### EXERCISE DETAILS
Every entry below must be repeated exactly; skip the pictures.

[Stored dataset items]

━━━━━━

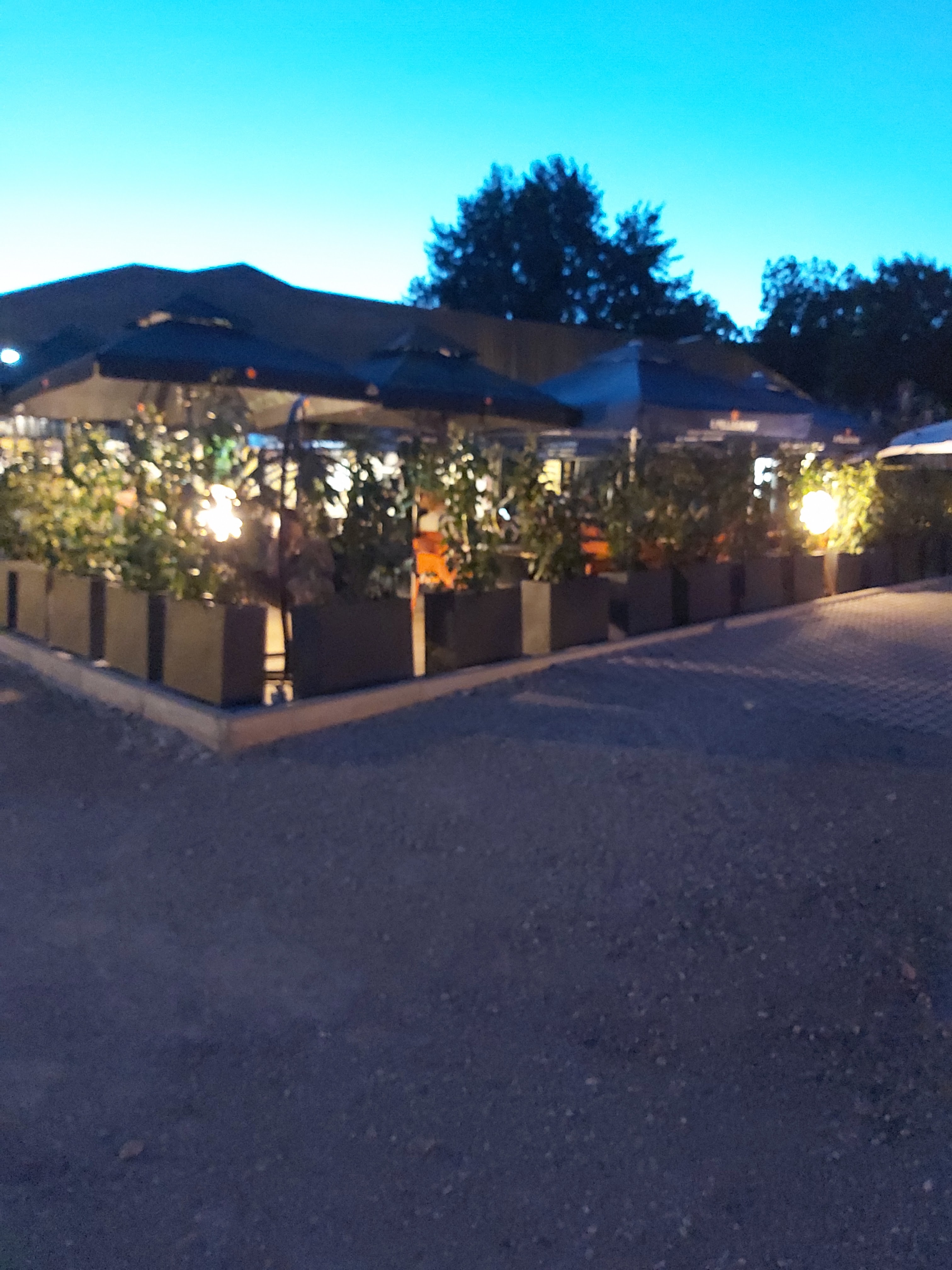 J'y suis allée avec 5 amis samedi soir. Points positifs : *bel accueil, *repas pris en terrasse. *pizza bonne. Points négatifs : *repas pas servi en même temps, les pâtes ont été servi 15 minutes après les 5 pizzas. *Pas assez d'éclairage sur la terrasse le soir, A REVOIR * poubelles trop près de la terrasse,ce qui génère des odeurs, * service confus des serveurs, et pas très organisé, Beaucoup de fautes.... Je n'ai pas pu voir la fin de mon repas par manque de luminosité. Les serveur ont commencé à débarrasser notre table avant la fin de notre repas. Dommage.
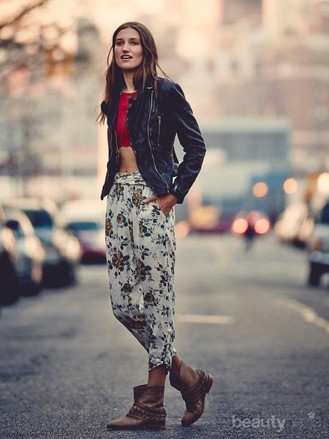 Ingin tampil lebih edgy dengan menggunakan celana bahan? Kamu bisa memadukan harem pants dengan jaket bomber. Sebagai dalaman, kamu bisa menggunakan crop top kesukaanmu. Untuk menyempurnakan gayamu, kamu bisa menggunakan ankle boots. Jangan lupa untuk memilih harem pants dengan motif ya agar penampilan kamu lebih edgy dan menarik.
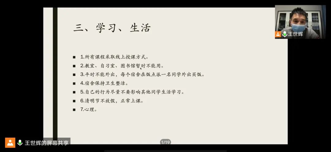 首先,会议主持人总结了今年会近期的防疫工作情况,并代表学校向疫情防控中的医护人员和志愿者们表示感谢,同时肯定了同学们为疫情防控所做的付出。关于什么时候能解除封寝,老师们向同学们耐心解释了学校的防疫政策,表示一切以安全为主,学校会最大程度地保障同学们的权益。其次,在学习方面,老师们强调疫情封校是把双刃剑,是考验和提高自制力的绝佳时机。希望同学们端正学习态度,合理安排时间,认真学习。最后对于同学们在网课期间可能出现的负面心理状况,老师们指出可以为自己设立一些目标、发展一些爱好,多接触愉悦的事物,以提升幸福感。
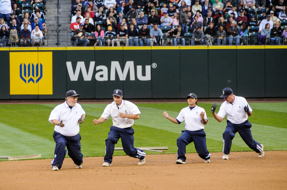 The Grounds Crew dancing between innings
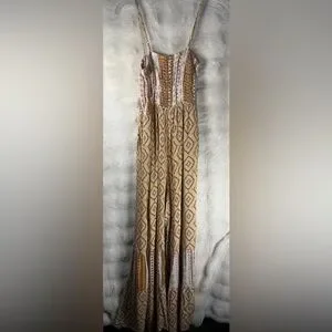 Ces Femme Cream and Tan Patterned Jumpsuit
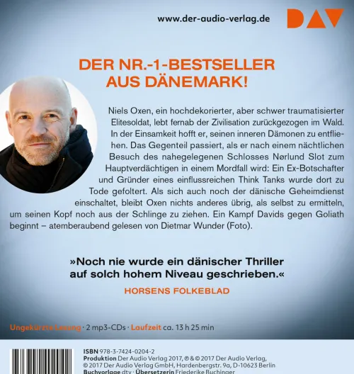 Niels Oxen, ein hochdekorierter, aber schwer traumatisierter Elitesoldat, lebt fernab der Zivilisation zurückgezogen im Wald. In der Einsamkeit hofft er, seinen inneren Dämonen zu entfliehen. Das Gegenteil passiert, als er nach einem nächtlichen Besuch des nahegelegenen Schlosses Nørlund Slot zum Hauptverdächtigen in einem Mordfall wird: Ein Ex-Botschafter und Gründer eines einflussreichen Think Tanks wurde dort zu Tode gefoltert. Als sich auch noch der dänische Geheimdienst einschaltet, bleibt Oxen nichts anderes übrig, als selbst zu ermitteln, um seinen Kopf noch aus der Schlinge zu ziehen. Ein Kampf David gegen Goliath beginnt. Ungekürzte Lesung mit Dietmar Wunder2 mp3-CDs | ca. 13 h 25 min Lesung
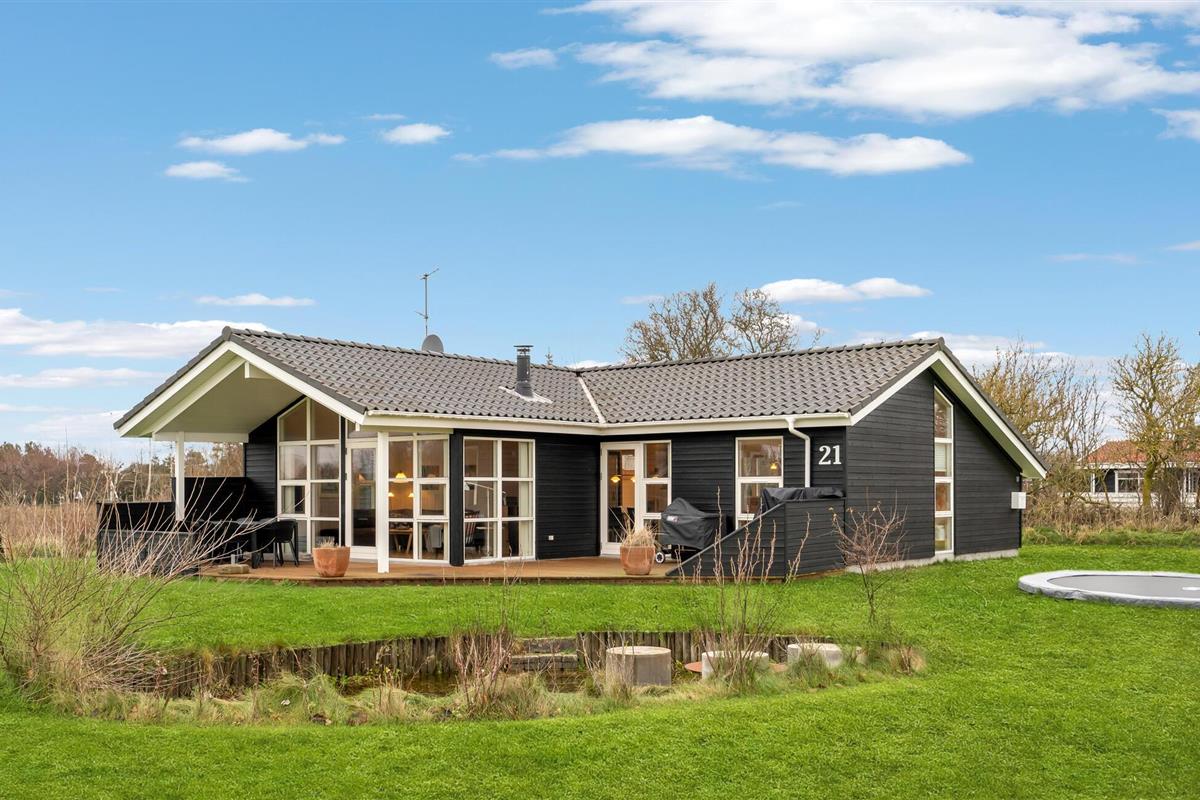Gezellig en licht vakantiehuis met sauna, bubbelbad en grote tuin dichtbij het kindvriendelijke strand in Fjellerup.
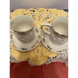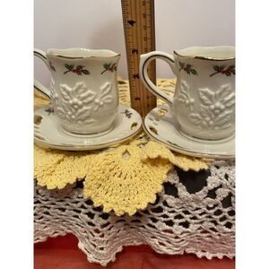 PartyLite P7257 2 Sets Holly Leaf Cup and Saucer Holiday Decor Or Votive Holders
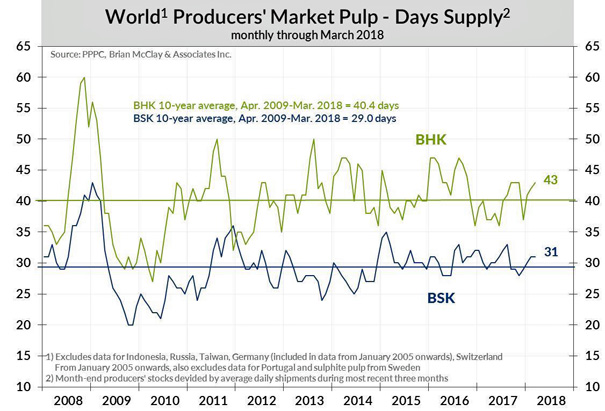 The table below shows World-20 Market pulp shipments for March 2018 and for the first three months of 2018. The following graph shows the days’ supply of market pulp from 2008 through March 2018.
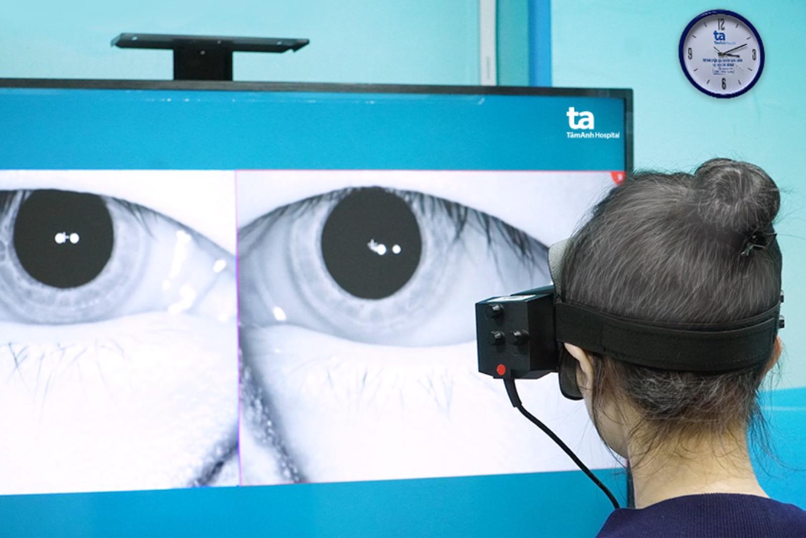 Người bệnh được kiểm tra tiền đình về vận động mắt. Ảnh: Bệnh viện Đa khoa Tâm Anh
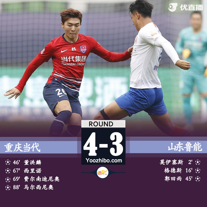 24直播网讯:11月6日下午,2020赛季中超联赛第二阶段5-6名决赛首回合比赛展开争夺,山东鲁能在3球领先情况下,被重庆当代连进4球逆转,最终山东鲁能3-4落败。第3分钟,刘彬彬边路传中,莫伊塞斯抢射破门。第17分钟,郭田雨送次妙传,格德斯推射空门得手。46分钟,莫伊塞斯助攻,郭田雨停球凌空抽射得分。第47分钟,郑铮防守出现失误,董洪麟推射空门得手。第69分钟,马尔西尼奥头球被挡,费尔南迪尼奥补射破门。第89分钟,西里诺送出直塞,马尔西尼奥单刀破门。
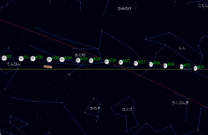 | 25 | 日 | 8.94 | 7 | ![]() | 月がしし座レグルスの北0゜28′に接近(06:44) | 3/10 | |
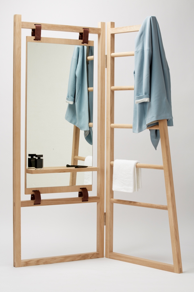 On one side a mirror with integrated solid wood shelf, a place to leave your valuables or the contents of your pockets. On the reverse side are robe hooks for hanging clothes, laundry or accessories. Made entirely from solid oak with the mirror and robe hooks suspended by leather straps complementing virtually any interior design.

━━━━━━

### REPLY
 J'y suis allée avec 5 amis samedi soir. Points positifs : *bel accueil, *repas pris en terrasse. *pizza bonne. Points négatifs : *repas pas servi en même temps, les pâtes ont été servi 15 minutes après les 5 pizzas. *Pas assez d'éclairage sur la terrasse le soir, A REVOIR * poubelles trop près de la terrasse,ce qui génère des odeurs, * service confus des serveurs, et pas très organisé, Beaucoup de fautes.... Je n'ai pas pu voir la fin de mon repas par manque de luminosité. Les serveur ont commencé à débarrasser notre table avant la fin de notre repas. Dommage.
 Ingin tampil lebih edgy dengan menggunakan celana bahan? Kamu bisa memadukan harem pants dengan jaket bomber. Sebagai dalaman, kamu bisa menggunakan crop top kesukaanmu. Untuk menyempurnakan gayamu, kamu bisa menggunakan ankle boots. Jangan lupa untuk memilih harem pants dengan motif ya agar penampilan kamu lebih edgy dan menarik.
 首先,会议主持人总结了今年会近期的防疫工作情况,并代表学校向疫情防控中的医护人员和志愿者们表示感谢,同时肯定了同学们为疫情防控所做的付出。关于什么时候能解除封寝,老师们向同学们耐心解释了学校的防疫政策,表示一切以安全为主,学校会最大程度地保障同学们的权益。其次,在学习方面,老师们强调疫情封校是把双刃剑,是考验和提高自制力的绝佳时机。希望同学们端正学习态度,合理安排时间,认真学习。最后对于同学们在网课期间可能出现的负面心理状况,老师们指出可以为自己设立一些目标、发展一些爱好,多接触愉悦的事物,以提升幸福感。
 The Grounds Crew dancing between innings
 Ces Femme Cream and Tan Patterned Jumpsuit
 Niels Oxen, ein hochdekorierter, aber schwer traumatisierter Elitesoldat, lebt fernab der Zivilisation zurückgezogen im Wald. In der Einsamkeit hofft er, seinen inneren Dämonen zu entfliehen. Das Gegenteil passiert, als er nach einem nächtlichen Besuch des nahegelegenen Schlosses Nørlund Slot zum Hauptverdächtigen in einem Mordfall wird: Ein Ex-Botschafter und Gründer eines einflussreichen Think Tanks wurde dort zu Tode gefoltert. Als sich auch noch der dänische Geheimdienst einschaltet, bleibt Oxen nichts anderes übrig, als selbst zu ermitteln, um seinen Kopf noch aus der Schlinge zu ziehen. Ein Kampf David gegen Goliath beginnt. Ungekürzte Lesung mit Dietmar Wunder2 mp3-CDs | ca. 13 h 25 min Lesung
Gezellig en licht vakantiehuis met sauna, bubbelbad en grote tuin dichtbij het kindvriendelijke strand in Fjellerup.
 PartyLite P7257 2 Sets Holly Leaf Cup and Saucer Holiday Decor Or Votive Holders
 The table below shows World-20 Market pulp shipments for March 2018 and for the first three months of 2018. The following graph shows the days’ supply of market pulp from 2008 through March 2018.
 Người bệnh được kiểm tra tiền đình về vận động mắt. Ảnh: Bệnh viện Đa khoa Tâm Anh
 24直播网讯:11月6日下午,2020赛季中超联赛第二阶段5-6名决赛首回合比赛展开争夺,山东鲁能在3球领先情况下,被重庆当代连进4球逆转,最终山东鲁能3-4落败。第3分钟,刘彬彬边路传中,莫伊塞斯抢射破门。第17分钟,郭田雨送次妙传,格德斯推射空门得手。46分钟,莫伊塞斯助攻,郭田雨停球凌空抽射得分。第47分钟,郑铮防守出现失误,董洪麟推射空门得手。第69分钟,马尔西尼奥头球被挡,费尔南迪尼奥补射破门。第89分钟,西里诺送出直塞,马尔西尼奥单刀破门。
 | 25 | 日 | 8.94 | 7 | ![]() | 月がしし座レグルスの北0゜28′に接近(06:44) | 3/10 | |
 On one side a mirror with integrated solid wood shelf, a place to leave your valuables or the contents of your pockets. On the reverse side are robe hooks for hanging clothes, laundry or accessories. Made entirely from solid oak with the mirror and robe hooks suspended by leather straps complementing virtually any interior design.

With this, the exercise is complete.